_DATA SHOWN_:
**********

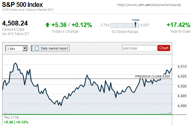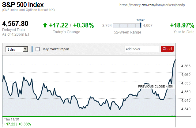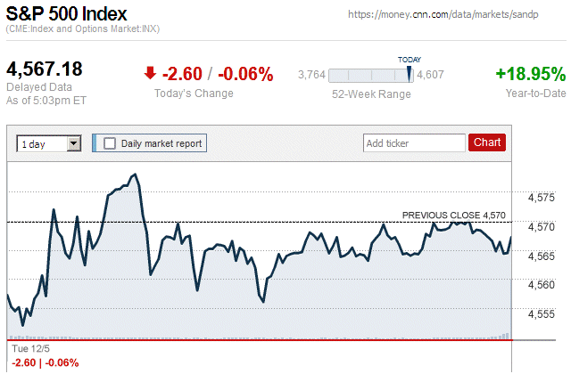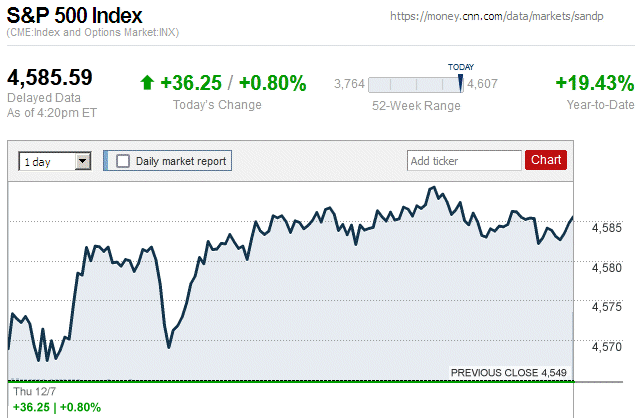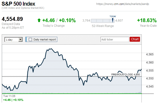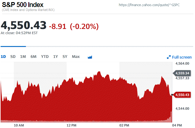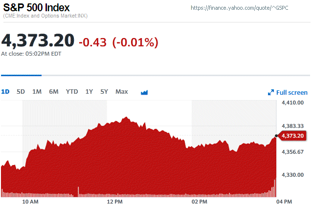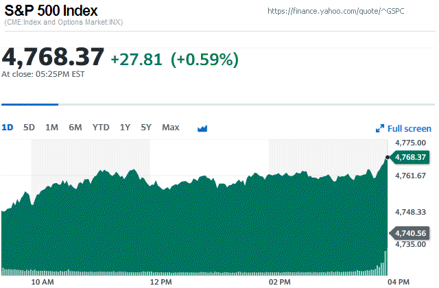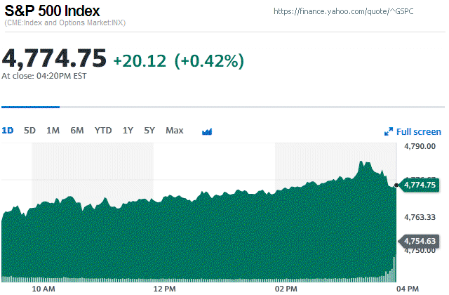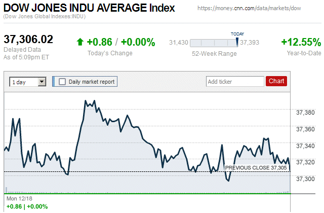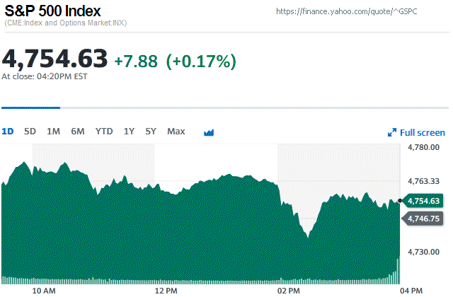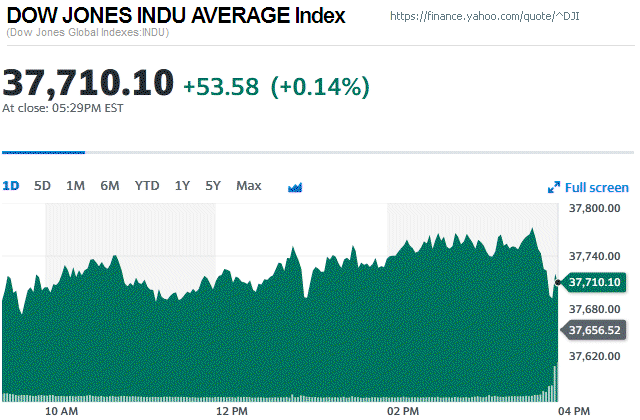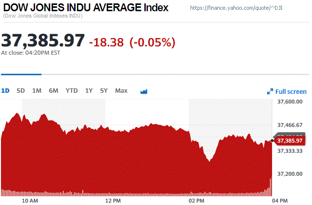During today’s trading day, there was a small rally with major stock indices closing with very tiny to small gains. The Dow Jones Industrial Average (DJIA) was up 0.00% to 37,306.02, a record high close, while the Standard & Poor’s 500 stock index was up 0.45% to 4,740.56. The NASDAQ Composite index was up 0.61% to 14,904.81. ![]() ![]() ![]() |
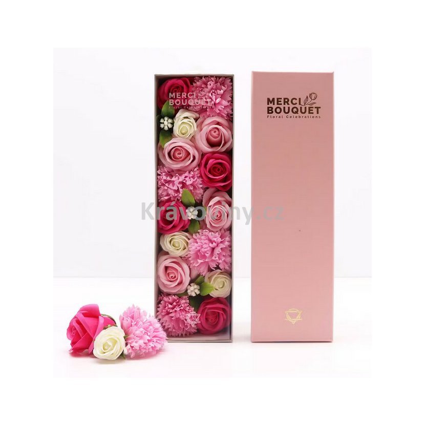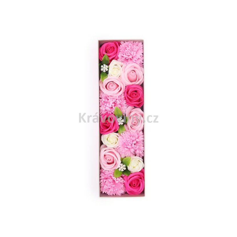 Dopřejte sobě nebo svým blízkým dotek elegance a voňavého luxusu v podobě mýdlových květů v dlouhém růžovém boxu.
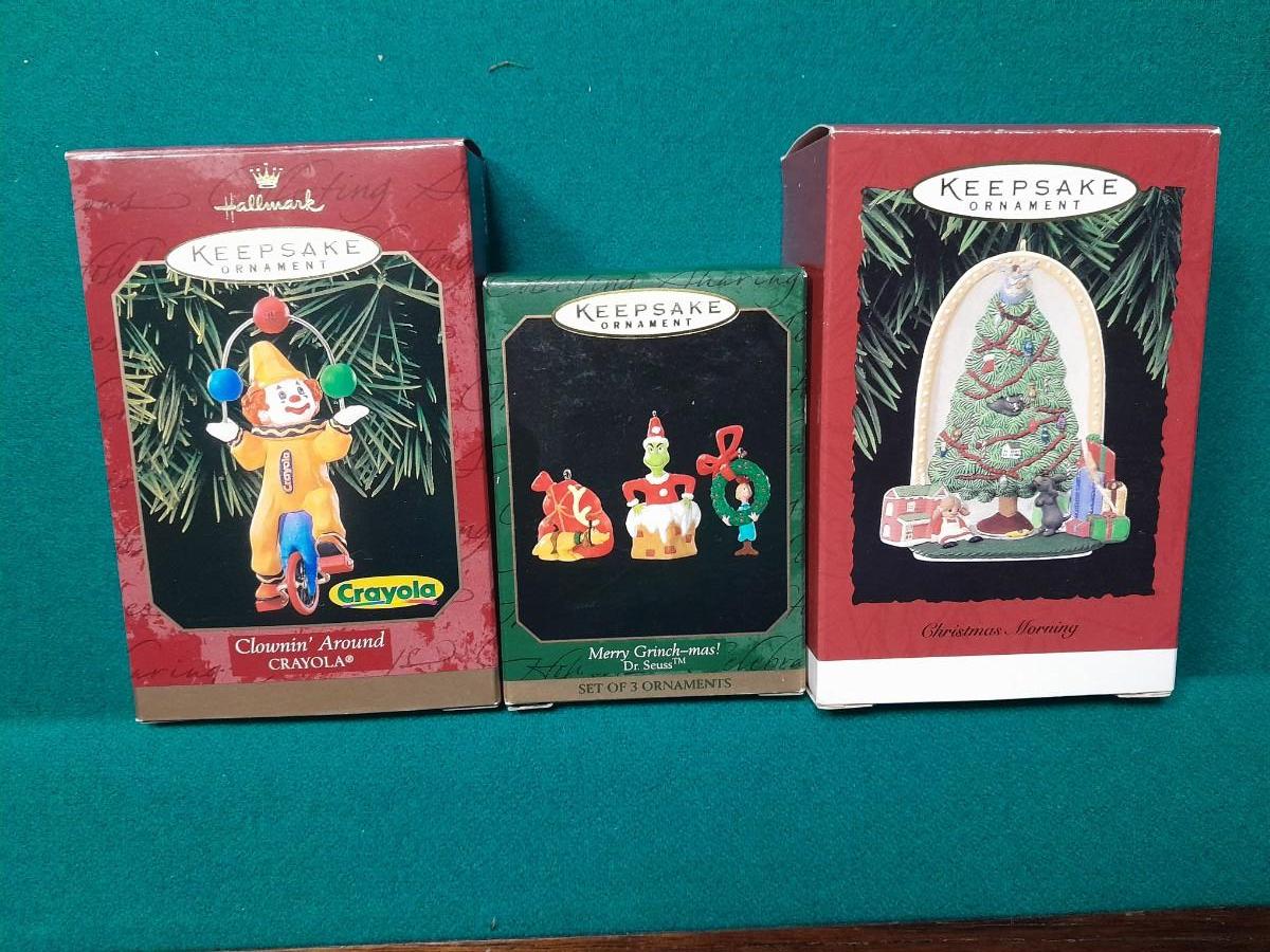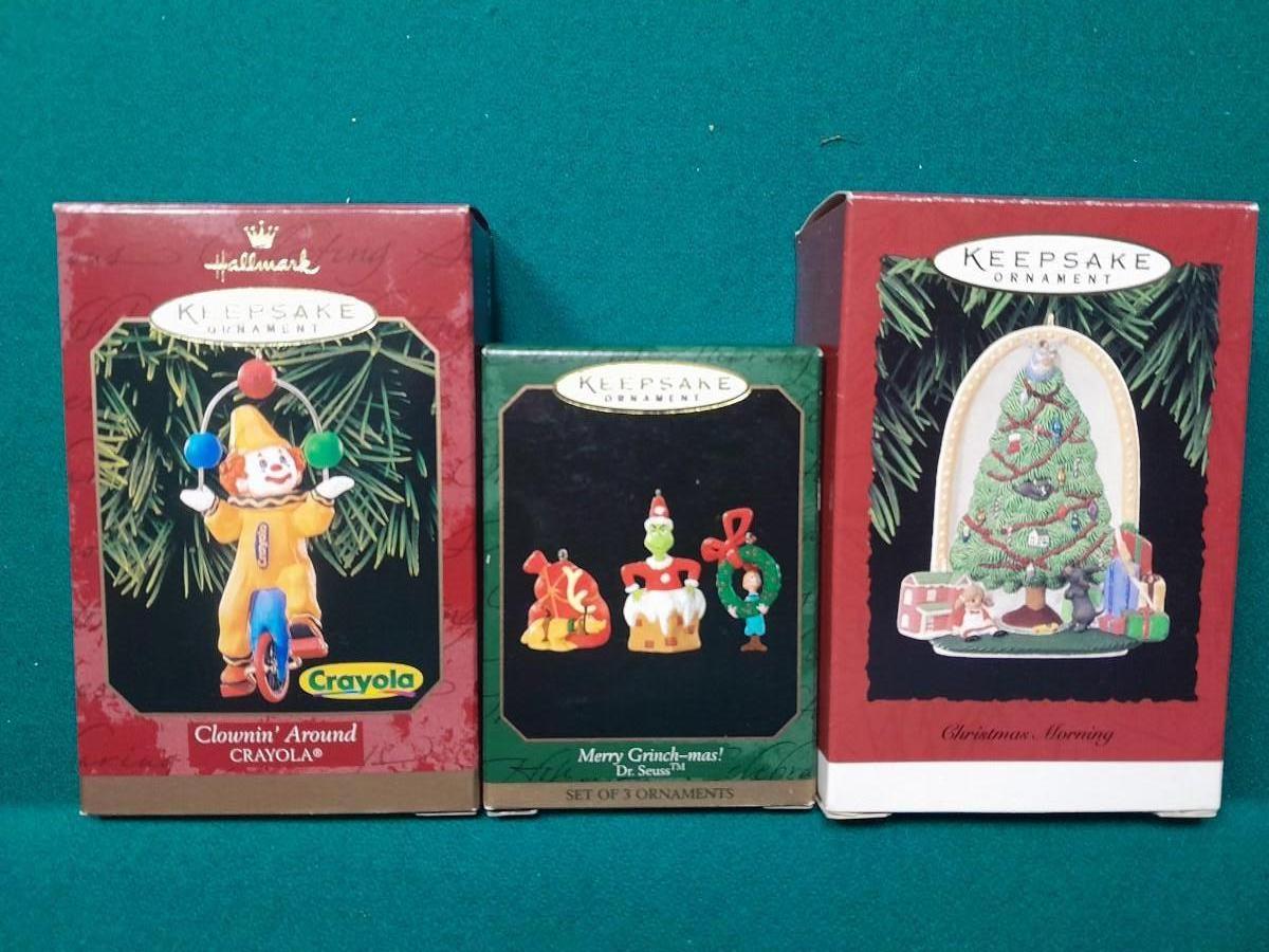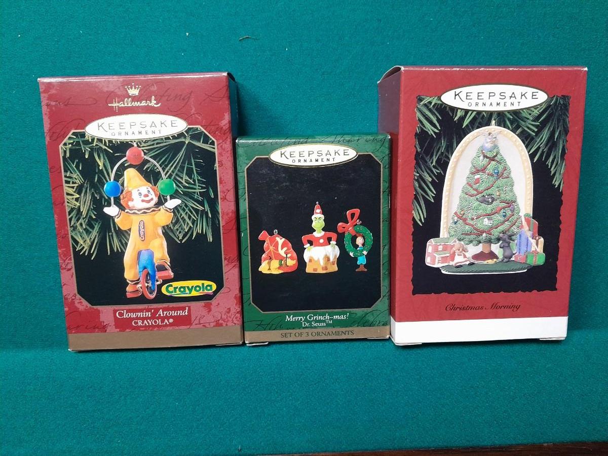 HALLMARK CHRISTMAS ORNAMENTS GRINCH, TREE AND CLOWN

**********

_PROBLEM DETAILS_: Retype the data above exactly; pictures are not part of the copy.

_ANSWER BOX_:
During today’s trading day, there was a small rally with major stock indices closing with very tiny to small gains. The Dow Jones Industrial Average (DJIA) was up 0.00% to 37,306.02, a record high close, while the Standard & Poor’s 500 stock index was up 0.45% to 4,740.56. The NASDAQ Composite index was up 0.61% to 14,904.81. ![]() ![]() ![]() |
 Dopřejte sobě nebo svým blízkým dotek elegance a voňavého luxusu v podobě mýdlových květů v dlouhém růžovém boxu.
 HALLMARK CHRISTMAS ORNAMENTS GRINCH, TREE AND CLOWN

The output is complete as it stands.